- Born: Florencia Caserta April 13, 1984 (age 42)
- Origin: El Palomar, Buenos Aires, Argentina
- Genres: Pop rock, rock
- Occupation: Singer
- Instruments: Voice, guitar
- Years active: 2001—
- Label: Universal

= Flor (singer) =

Argentine female pop and rock singer

Florencia "Flor" Caserta (born April 13, 1984) is an Argentine female pop and rock singer.

==Biography==
Caserta was born in El Palomar, Buenos Aires. She met Pablo Romero, singer of the band Árbol, who heard her singing and invited her to make a disc of covers from different bands from El Oeste (the western zone of Greater Buenos Aires). It was there that she recorded her first song, “Mañana en el Abasto”, by Sumo.
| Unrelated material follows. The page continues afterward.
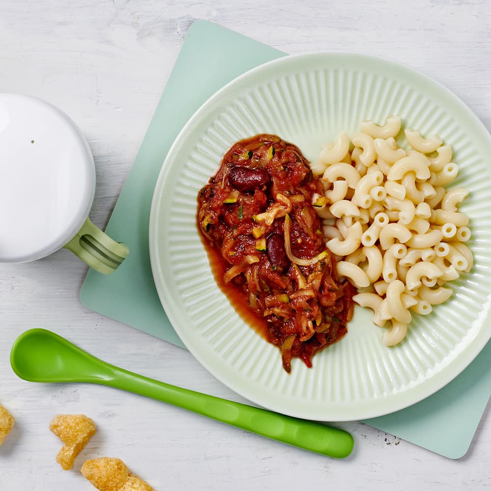 Pasta med bön- och tomatsås och mozzarella
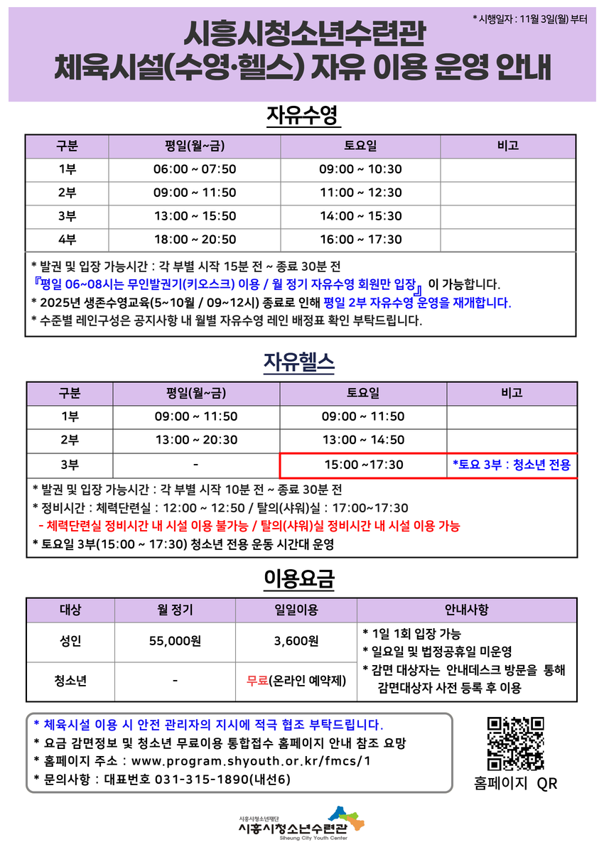 2025년 체육시설(수영·헬스) 운영 시간 안내(11월3일적용) 작성자 관리자 등록일자 2025년 10월 23일 16시 4분 11초 조회 127 체육시설 자유이용 안내(생존수정) 1.png [ Size : 306.5KB , Down : 174 ] 미리보기 다운로드 목록보기

After that, they proposed that she record some demos of pop music. The process lasted two years, until they obtained five songs which they presented to producer Gustavo Santaolalla.

==Discography==

Flor's first album is the self-titled Flor (2006). Tracks include:

- "La Respuesta" (The Answer)
- "No, nada" (No, nothing)
- "Aire" (Air)
- "Igual" (Same One)
- "Sal" (Get Out)
- "Girar" (To Turn)
- "Así" (Like This)
- "¿Qué será?" (What Will Be?)
- "Jazmín"

"Jazmín" was the album's first single. "La Respuesta" was its second single.

==Charts==

| Song | Country | Peak position | Link |
|---|---|---|---|
| "Jazmín" | Uruguay Top 20 | #19 |  |

==Production==
Pablo Romero, Gustavo Santaolalla, Adrián Sosa. Associated Producer: Aníbal Kerpel.

The album was recorded in Los Angeles, California by Aníbal Kerpel and mixed in "La Casa" studios in Los Angeles.